Work/BigQuery Query Rerun Manager

BigQuery Query Rerun Manager

A production-oriented, metadata-driven system for executing and re-running grouped BigQuery queries using Docker and Kubernetes.

BigQueryKubernetesDockerPythonGCP IAM

TL;DR

Role

Lead Data Engineer

Timeline

4 months

Team

Solo project

Year

2025

Queries/day500+
Avg execution time<30s
Success rate98.5%

Overview

Built a production-grade system for managing BigQuery query execution and re-runs. Queries are stored as metadata in BigQuery, executed via Dockerized Python applications, and orchestrated using Kubernetes Jobs. All executions are logged back to BigQuery for full observability and auditability.

Problem

In production analytics pipelines, BigQuery queries often fail due to upstream data issues, schema changes, or transient errors. Re-running queries manually was error-prone, hard to audit, and difficult to scale across multiple query groups. There was no lightweight, metadata-driven mechanism to safely re-execute grouped queries with proper logging and traceability.

Approach

Designed a cloud-native system that executes grouped BigQuery queries using metadata stored in BigQuery. Built as a Dockerized Python application deployed via Kubernetes Jobs/CronJobs. All execution status, errors, and timestamps are logged back to BigQuery for full observability. Queries are defined dynamically via metadata tables, allowing updates without code changes.

Architecture

Kubernetes Jobs trigger Docker containers running Python apps → Read query metadata from BigQuery → Execute SQL queries sequentially → Log all results (success/failure, timestamps, errors) back to BigQuery execution log table. Service account authentication ensures security.

High-Level Architecture

BigQuery Rerun Manager Architecture

Execution Flow

BigQuery Execution Flow Diagram

Data Model

BigQuery Data Model

Key Decisions

Results

Eliminated manual query re-runs saving ~10 hours/week of engineering time. Achieved 98.5% success rate with automatic error logging.

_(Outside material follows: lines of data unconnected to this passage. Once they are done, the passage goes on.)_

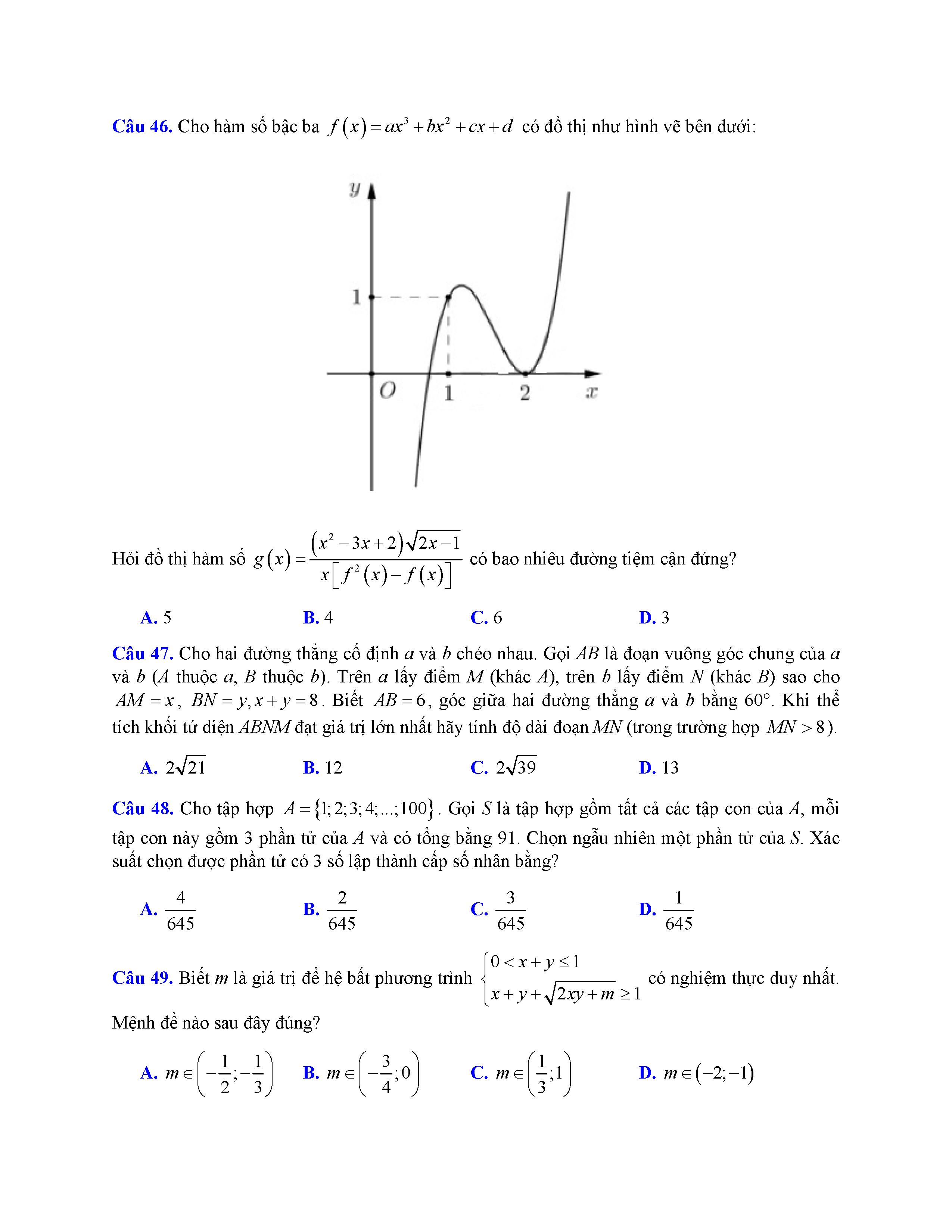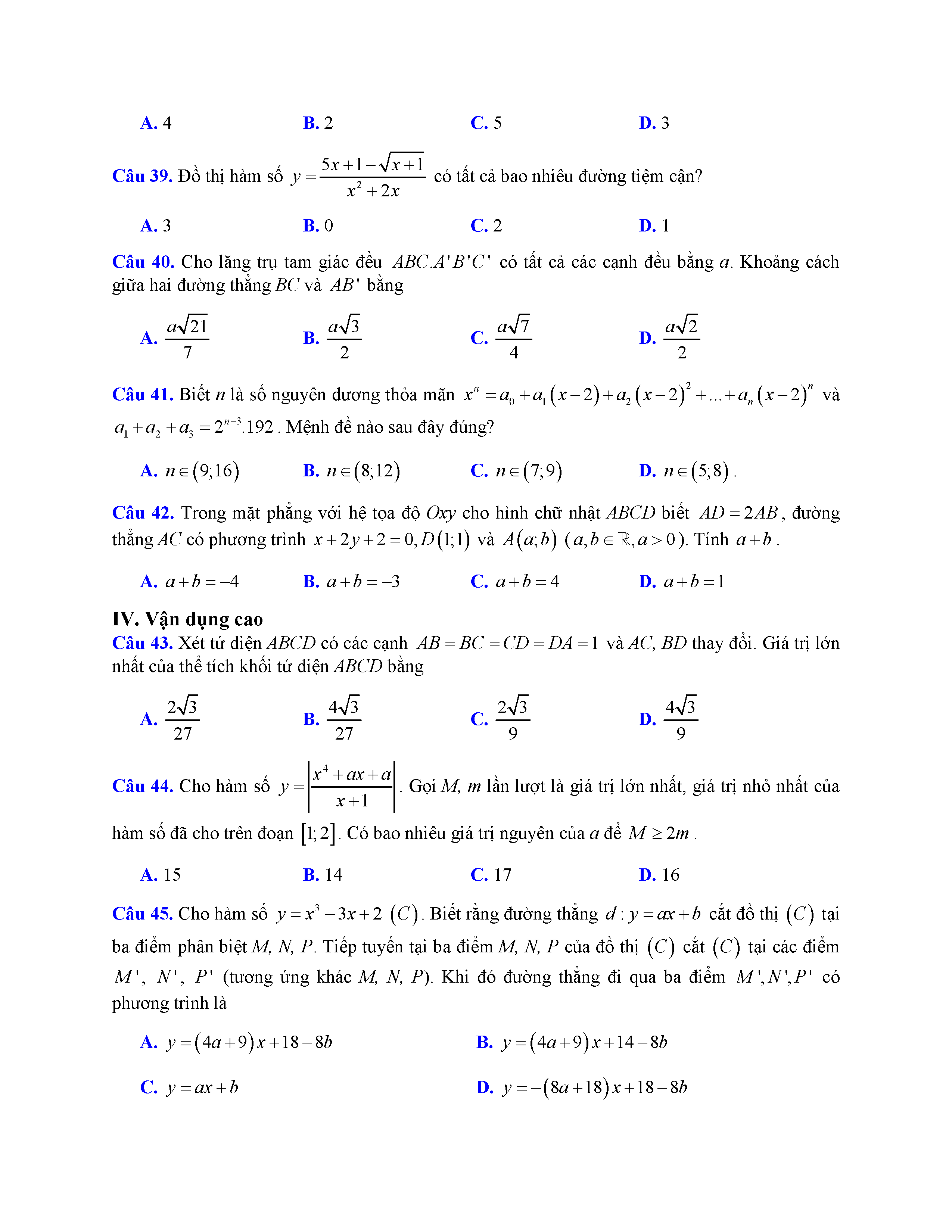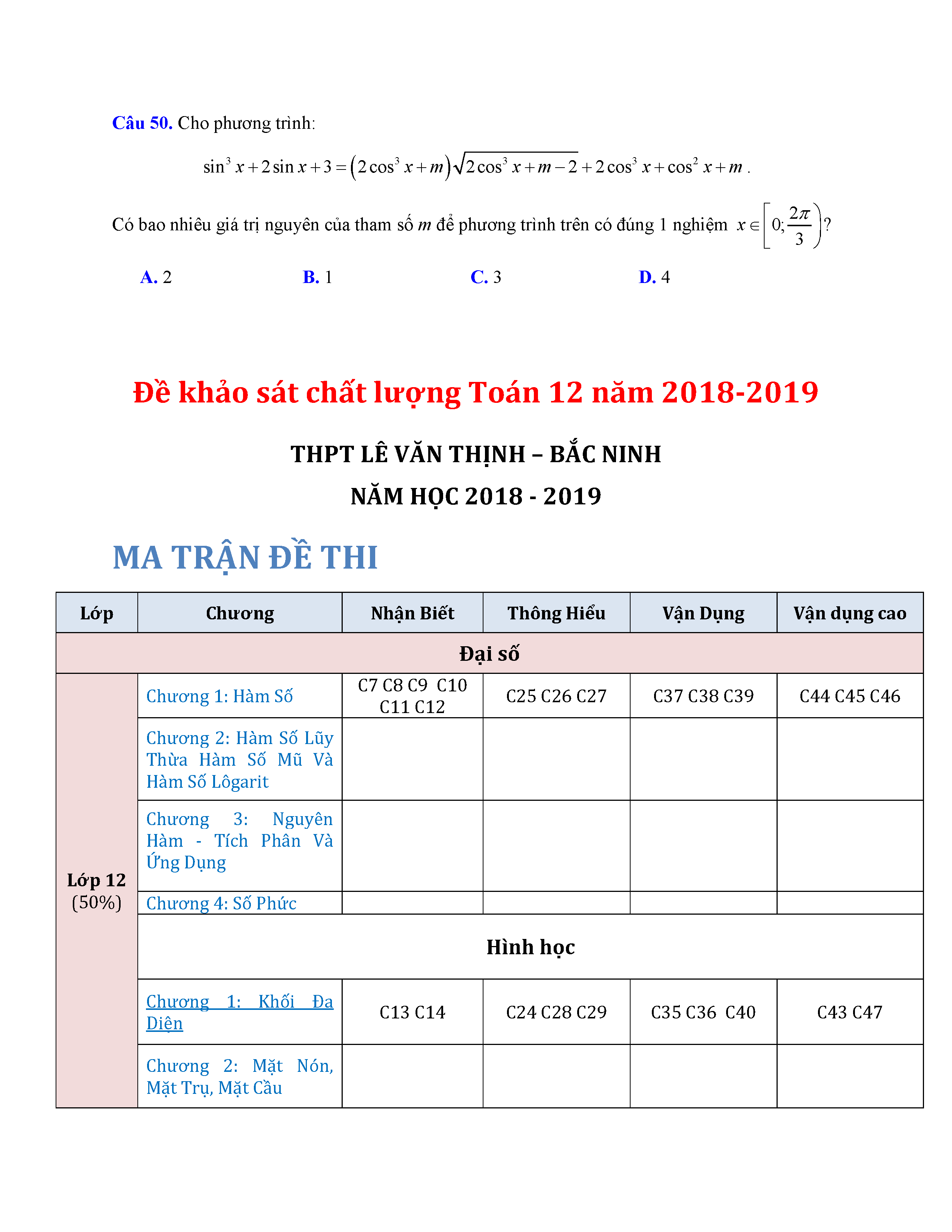 03. Đề thi thử THPT năm 2019 môn Toán trường Lê Văn Thịnh - Bắc Ninh - Lần 1
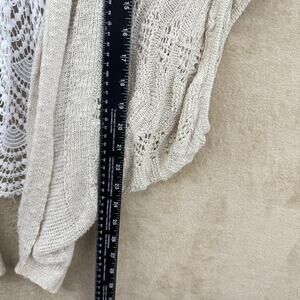 Womens Crochet Top Open Knit Lace Cardigan Beige Cream Boho Cottage Slouchy Sz S
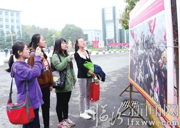 臨汾新聞網(wǎng)訊 近日,山西師范大學(xué)舉辦了紀(jì)念紅軍長(zhǎng)征勝利80周年系列活動(dòng),通過(guò)展出20余幅長(zhǎng)征主題版面、組織長(zhǎng)征主題歌唱比賽等,表達(dá)了師生對(duì)革命烈士的深切悼念與崇高敬意。圖為學(xué)生正在觀看紅軍長(zhǎng)征勝利80周年展板。 饒二保 蘇繼文 攝
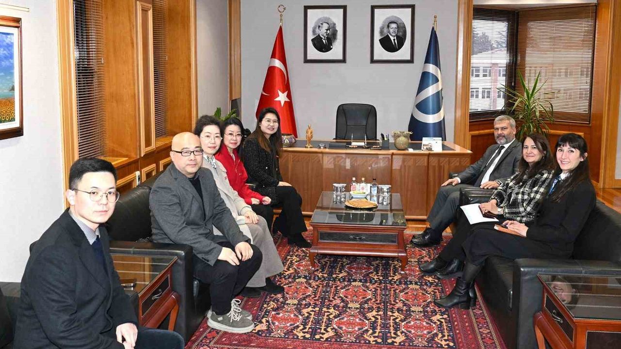 Türkiye-Çin diplomatik ilişkilerinin 55'inci yılı kutlamaları kapsamında düzenlenen 'Diyalog-Bütünleşme' başlıklı sergi çerçevesinde, Çin Büyükelçiliği, Changzhou Teknoloji Enstitüsü (CIT) ve Anadolu Üniversitesi sanatçılarının yer aldığı ortak sergiye katkı sunan Çinli heyet, Anadolu Üniversitesi Rektörü Prof. Dr. Yusuf Adıgüzel'i makamında ziyaret etti.
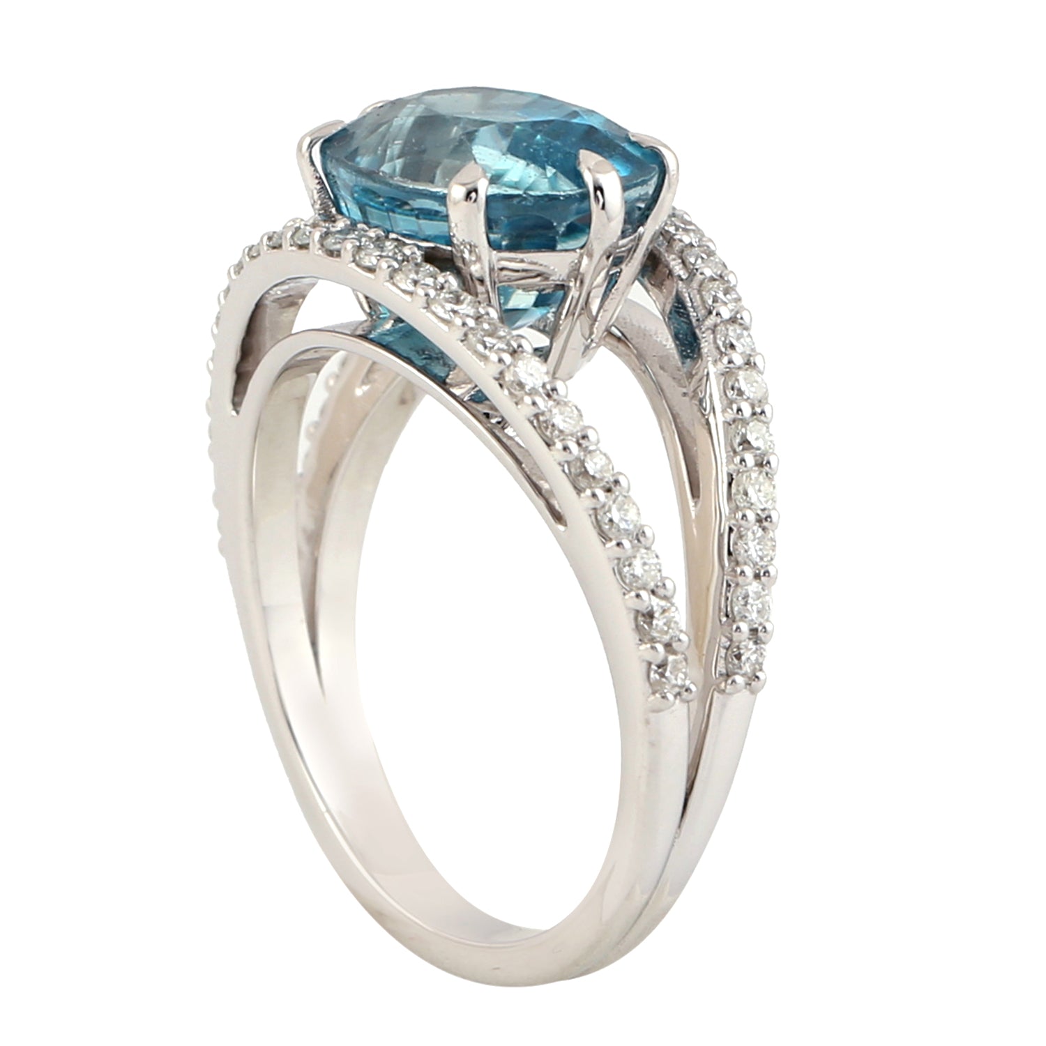 Oval Cut Blue Zircon Solitaire Ring in 18K White Gold with Pave Diamond Halo – Timeless Elegance
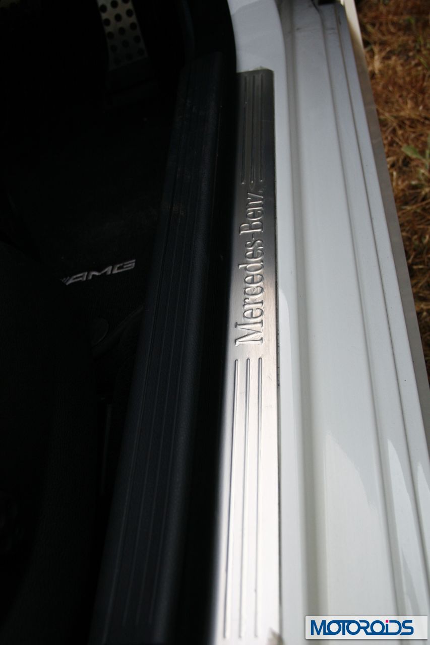 Apart from the delightful panoramic roof, the center console comprises of the ‘Sport’ button which itself is an inclusion enough to tilt the buying decision in Merc’s favor for an enthusiast. Then you have AMG branded floor mats, brushed steel brake/ accelerator / parking brake pedals with black rubber studs for better grip. The 3 digital-analogue dials on the instrument cluster come with special surrounds. Other AMG Sports Package bits include aluminium-look gearshift/selector lever with leather cover.
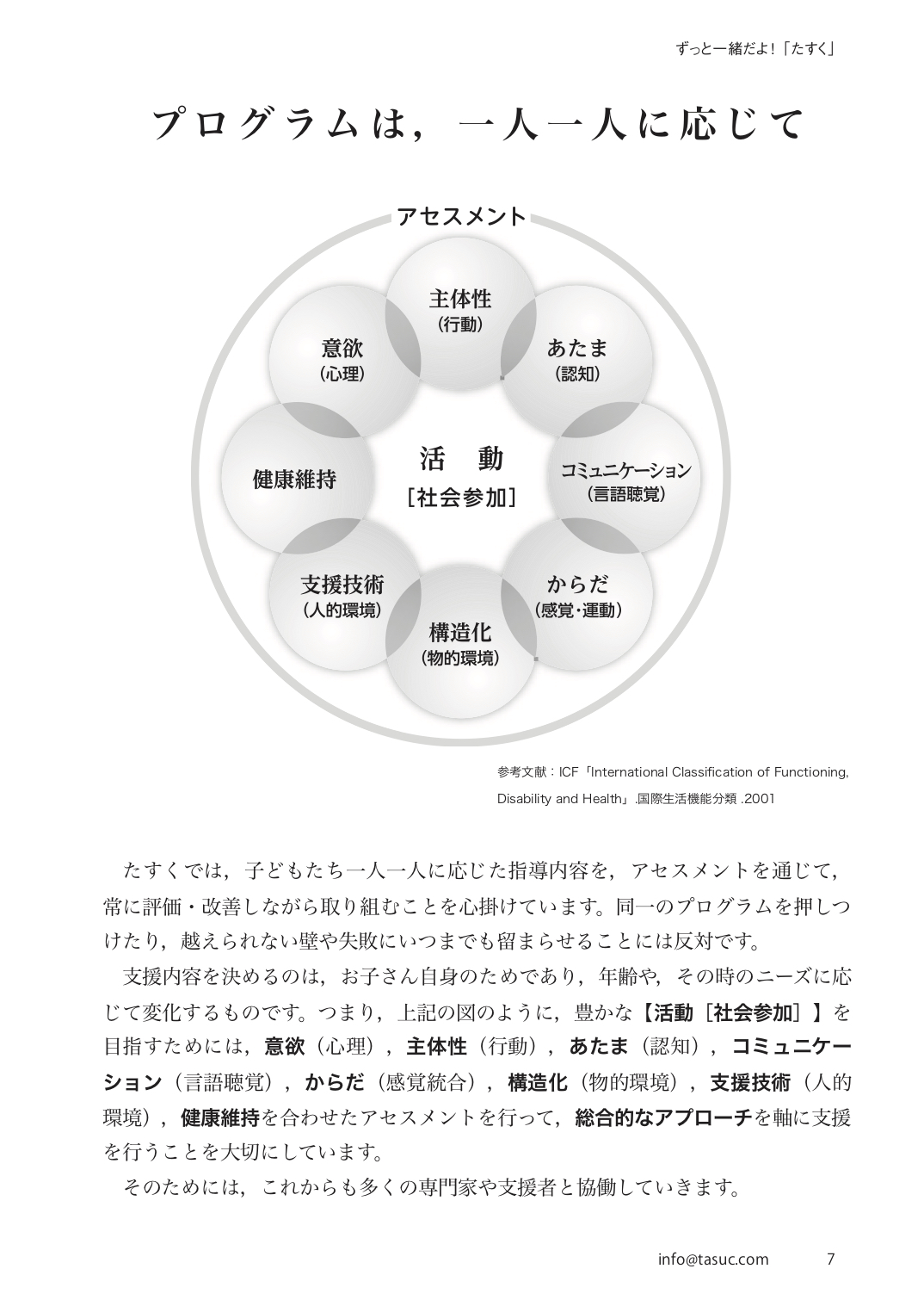 「プログラムは一人ひとりに応じて」 脳科学、構音などの器官、心、身体、行動、認知、物的環境、そして人的環境。トータルなアプローチこそ、療育に大切な視点です。複雑ですがそれを使いこなせなければ、子どもの育ちの手助けとなりません。

Reduced mean time to recovery from 2 hours to 15 minutes through better visibility. Query groups now scale independently via separate Kubernetes jobs.

Queries/day500+
Avg execution time<30s
Success rate98.5%

What I Learned

Metadata-driven systems provide incredible flexibility but require careful schema design. Kubernetes Jobs are perfect for batch workloads—simpler than full orchestration frameworks for focused use cases. Logging everything to BigQuery made debugging trivial and enabled data-driven optimization of query patterns.

What I'd Do Next

Add Slack alerting on failures, implement retry policies per query, enable parallel execution for large query groups, build a simple UI dashboard for execution history, and integrate with Airflow for complex DAG dependencies.